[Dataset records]
★ ★ ★ ★ ★ ★ ★

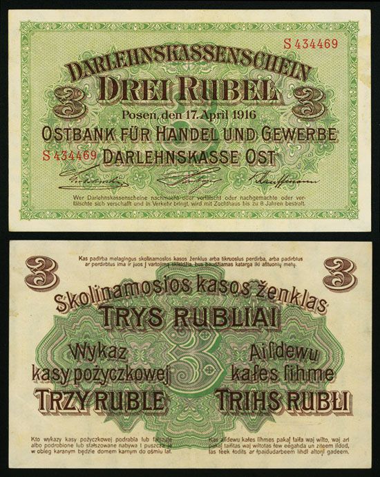 Posen. 1916. 3 Rubel, P-R123b, Issued banknote, brown on green and lilac underprint, back the same colors. This XF+ note is one light fold away from AU to Uncirculated condition. Scarce note in high grade.
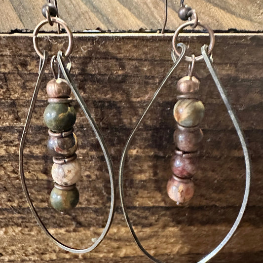Boho Hippie Cowgirl Western Stamped Stone Copper Earrings - Cactus Thunderbolt Arrows, Gift Box
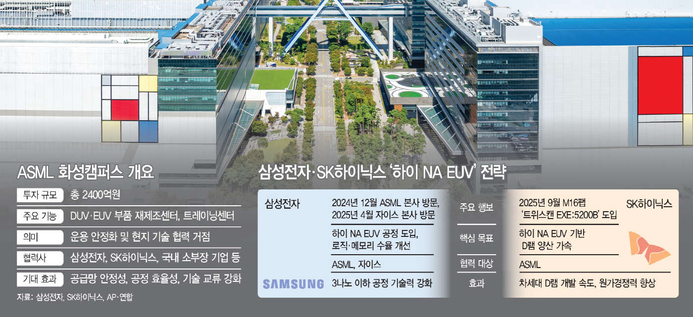 업계는 이번 캠퍼스 준공이 운용 효율성과 기술 지원 강화에 의미가 있다고 봤다. EUV 장비는 워낙 복잡하고 정밀해 공정 중 부품 교체·보정·수리가 빈번히 이뤄지는 만큼, 현지 엔지니어링 거점이 생기면 삼성전자와 SK하이닉스 모두 안정적인 장비 운용 환경을 확보할 수 있다는 얘기다. 업계 관계자는 "EUV는 많이 확보하는 것도 중요하지만 얼마나 정밀하게 다루느냐도 경쟁력의 핵심"이라며 "ASML이 국내에 상시 기술지원 거점을 마련함으로써 엔지니어 교류와 장비 유지보수 효율이 높아질 것"이라고 말했다.
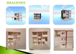 El documento describe los aspectos fundamentales del diseño de una vivienda unifamiliar. Se divide la planta en módulos para determinar la estructura y distribución interior. La zona pública se ubica en la planta baja orientada al norte, mientras que la zona privada y las habitaciones se ubican en las plantas superiores, aprovechando la luz y ventilación naturales.
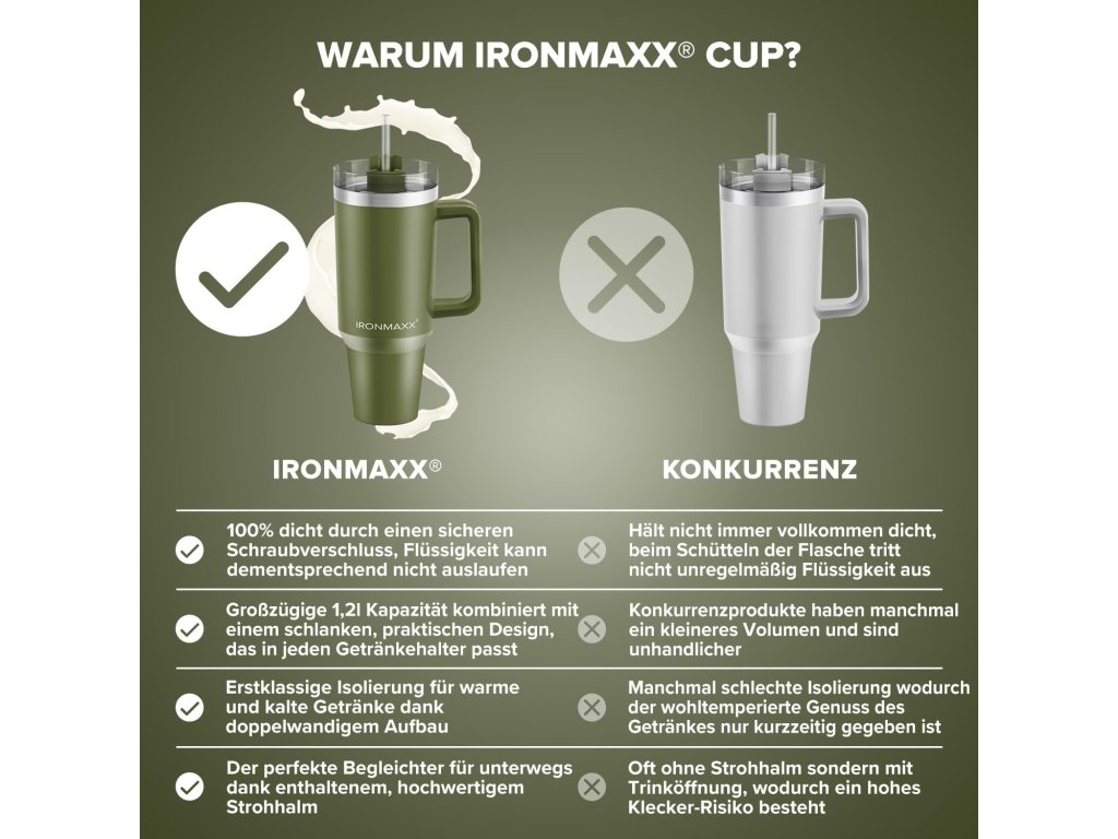 Užijte si své oblíbené nápoje v perfektní teplotě kdekoli s termokem IronMaxx o objemu 1,2 litru. Tento stylový a funkční hrnek v elegantní olivově zelené barvě je navržen pro maximální pohodlí a dlouhotrvající výkon.
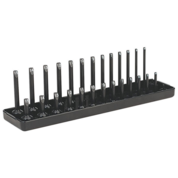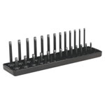 Allows you to maintain a tidy workstation with sockets always to hand. Accommodates 14 standard and 14 deep, 1/4"Sq drive sockets from 4 to 15mm.
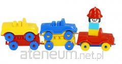 Zabawka przedstawia, wykonany z klocków model pociągu. W zestawie znajduje się lokomotywa oraz 1 wagon.

★ ★ ★ ★ ★ ★ ★

■ EXERCISE GOAL ■
The lines from the one containing "El documento describe" through the last line above are to be repeated exactly, and only those. Any pictures must be left out.

■ OUTPUT FOR THIS TASK ■
 El documento describe los aspectos fundamentales del diseño de una vivienda unifamiliar. Se divide la planta en módulos para determinar la estructura y distribución interior. La zona pública se ubica en la planta baja orientada al norte, mientras que la zona privada y las habitaciones se ubican en las plantas superiores, aprovechando la luz y ventilación naturales.
 Užijte si své oblíbené nápoje v perfektní teplotě kdekoli s termokem IronMaxx o objemu 1,2 litru. Tento stylový a funkční hrnek v elegantní olivově zelené barvě je navržen pro maximální pohodlí a dlouhotrvající výkon.
 Allows you to maintain a tidy workstation with sockets always to hand. Accommodates 14 standard and 14 deep, 1/4"Sq drive sockets from 4 to 15mm.
 Zabawka przedstawia, wykonany z klocków model pociągu. W zestawie znajduje się lokomotywa oraz 1 wagon.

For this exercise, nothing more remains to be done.